#### Exercise description:
The expected output is the data below, character for character, without its pictures.

#### The data:
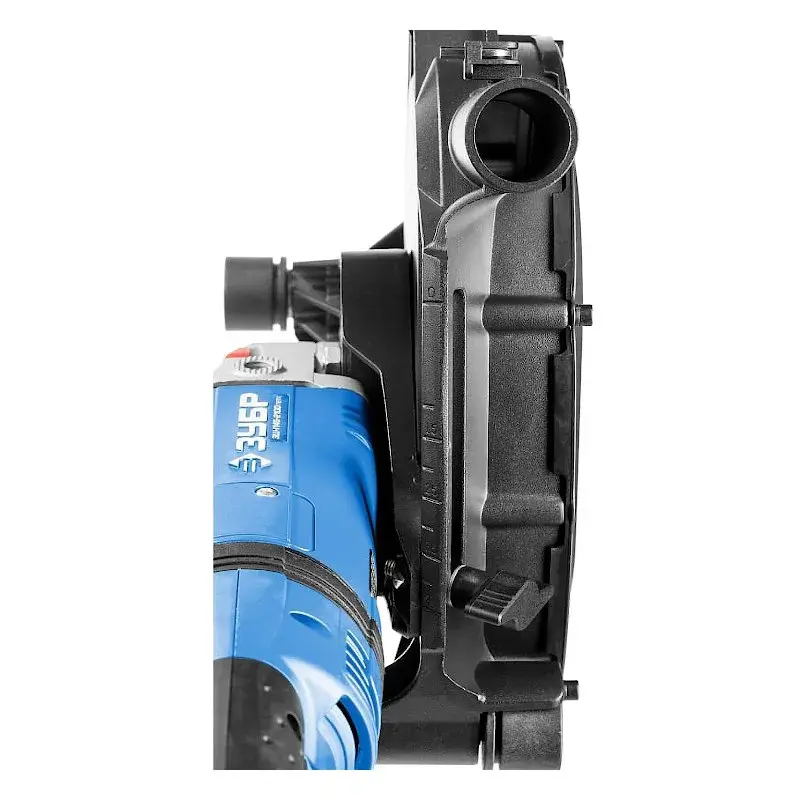 С помощью патрубка на корпусе бороздореза ЗУБР ЗШ-П65-2600 ПВСТК вы можете подключать пылесос, который приобретается отдельно. Это обеспечивает отвод пыли от зоны реза и контроль проведения работ.
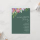 Este convite à festa de solteira verde floral tropical colorido é perfeito para a sua festa de solteira verde, roxa, pêssego, de destino moderno. Design apresenta um buquê elegante de verde-aquarela de praia clássico e flores, incluindo eucalipto verde-sábio, mauve e proteína vermelha, hibisco rosa-pincel, pássaro-laranja e azul do paraíso e folha de palma verde-escura. O design é ideal para um simples, criativo, único casamento de viagem para primavera, verão, outono ou inverno! Por favor, encontre outra papelaria de casamento no resto da coleção.
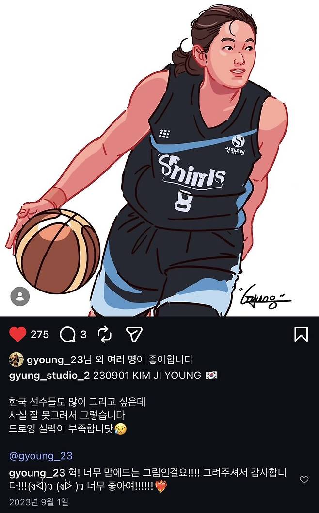 늘 이 작가의 그림을 매일 같이 팔로우한 후 바라보던 자가 김지영이었다. “이규영 작가님! 인스타그램에서 일러스트를 하시는 분인데, 완전 대형 작가님…! 즉 되게 유명한 작가님이세요. 그림도 되게 아기자기하고 예뻐서 팔로우 하고 보고 있었어요. 그런데 이 분이 저를 사로잡은 건, 농구 계정이 따로 있던 점이었어요.”

#### Task response:
 С помощью патрубка на корпусе бороздореза ЗУБР ЗШ-П65-2600 ПВСТК вы можете подключать пылесос, который приобретается отдельно. Это обеспечивает отвод пыли от зоны реза и контроль проведения работ.
 Este convite à festa de solteira verde floral tropical colorido é perfeito para a sua festa de solteira verde, roxa, pêssego, de destino moderno. Design apresenta um buquê elegante de verde-aquarela de praia clássico e flores, incluindo eucalipto verde-sábio, mauve e proteína vermelha, hibisco rosa-pincel, pássaro-laranja e azul do paraíso e folha de palma verde-escura. O design é ideal para um simples, criativo, único casamento de viagem para primavera, verão, outono ou inverno! Por favor, encontre outra papelaria de casamento no resto da coleção.
 늘 이 작가의 그림을 매일 같이 팔로우한 후 바라보던 자가 김지영이었다. “이규영 작가님! 인스타그램에서 일러스트를 하시는 분인데, 완전 대형 작가님…! 즉 되게 유명한 작가님이세요. 그림도 되게 아기자기하고 예뻐서 팔로우 하고 보고 있었어요. 그런데 이 분이 저를 사로잡은 건, 농구 계정이 따로 있던 점이었어요.”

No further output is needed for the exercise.